で、記者席に戻ってリプを見たら、なるほど、魚谷は外から握る佐々木には目もくれず、全速モンキーでまっしぐらにブイを目指していた。ほぼ全速で、かつ腰の入ったモンキーだから、ターン後もしっかり伸びる。なるほど。センター筋でまくられながらも2、3着に残す魚谷をよくよく見かけるのだが、これで謎が解けた。今日の魚谷優出は、他の選手には真似のできない超テクニックの賜物だった、と思う。
1着・俊彦、2着・魚谷。
吉田俊彦のパワーははっきり言って軽視していた。いつもどおり出足、回り足が強く、だから安定した走りをしている。その程度。悪いとは思っていないが、「いつもと変わらない俊彦スタイル」くらいに考えていたのだ。で、実際にそうだった可能性もある。今回の俊彦はスリット隊形や集団Fや、様々な事象が重なってここまできた。パワー以上の着順だったことは間違いない。

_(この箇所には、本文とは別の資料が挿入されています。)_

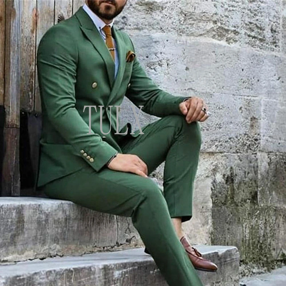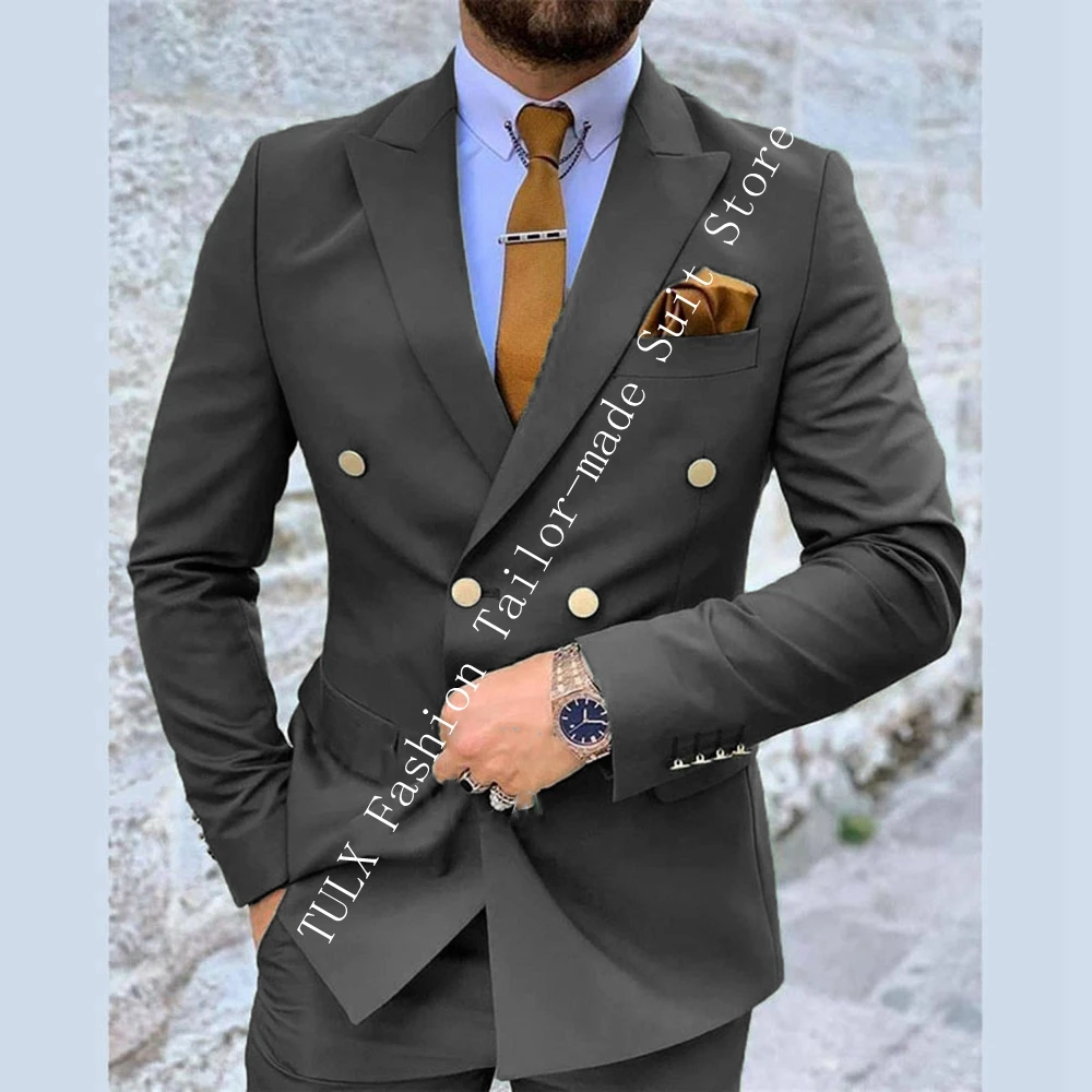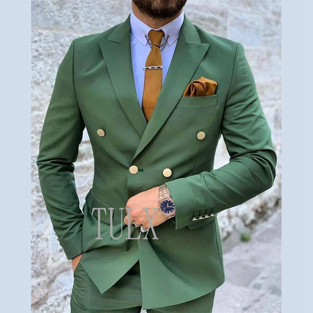 Men's Suit 2023 Peak Lapel Double Breasted Slim Fit Formal Wedding Party Suits Groomsmen Blazer Pants 2 Pieces Terno Masculino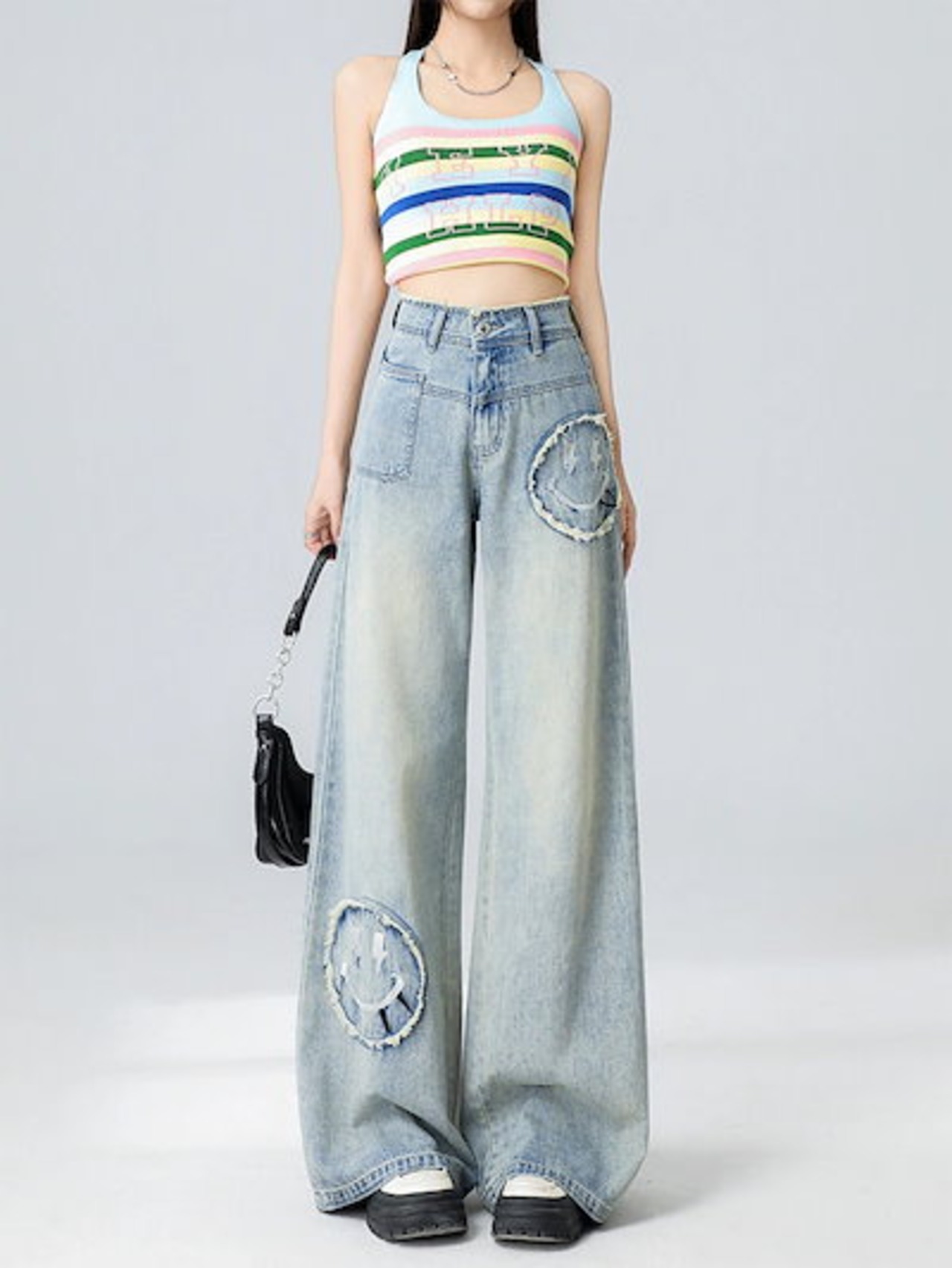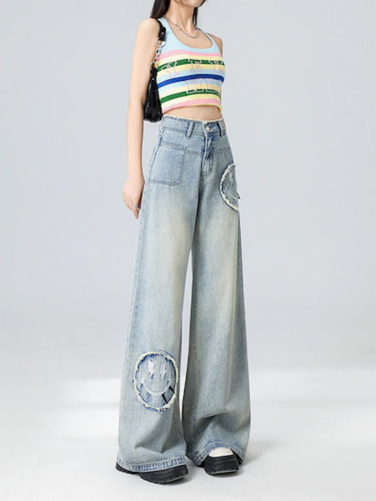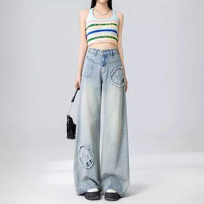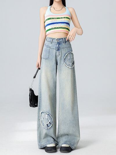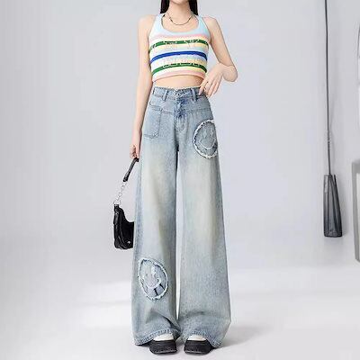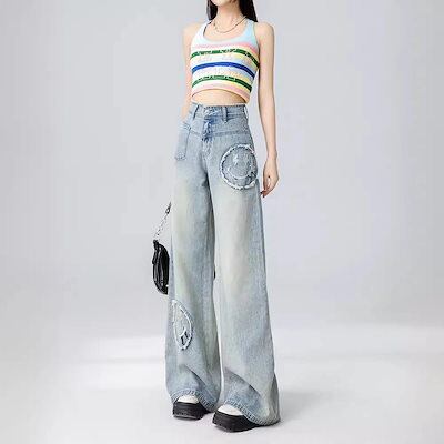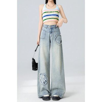 女性用刺繍パッチワイドジーンズ2024春ハイウエスト痩身トールストレートパンツ女性用

が、今日の準優はこれまでで一番の足に仕上がっていた。とりわけ、私が不安視していた伸びが昨日までよりはるかに強かった。自慢の出足、回り足に伸びが付いてしまっては、もはや軽視すべき点は見当たらない。明日はパワーよりも、メンタルとの勝負になる。
魚谷の足は、中堅に毛が生えた程度だと思う。今日は必殺技で主導権を握ったが、それでも後続に追い上げられてアップアップという雰囲気もあった。このままの足では、6号艇でははっきり厳しいとお伝えしておく。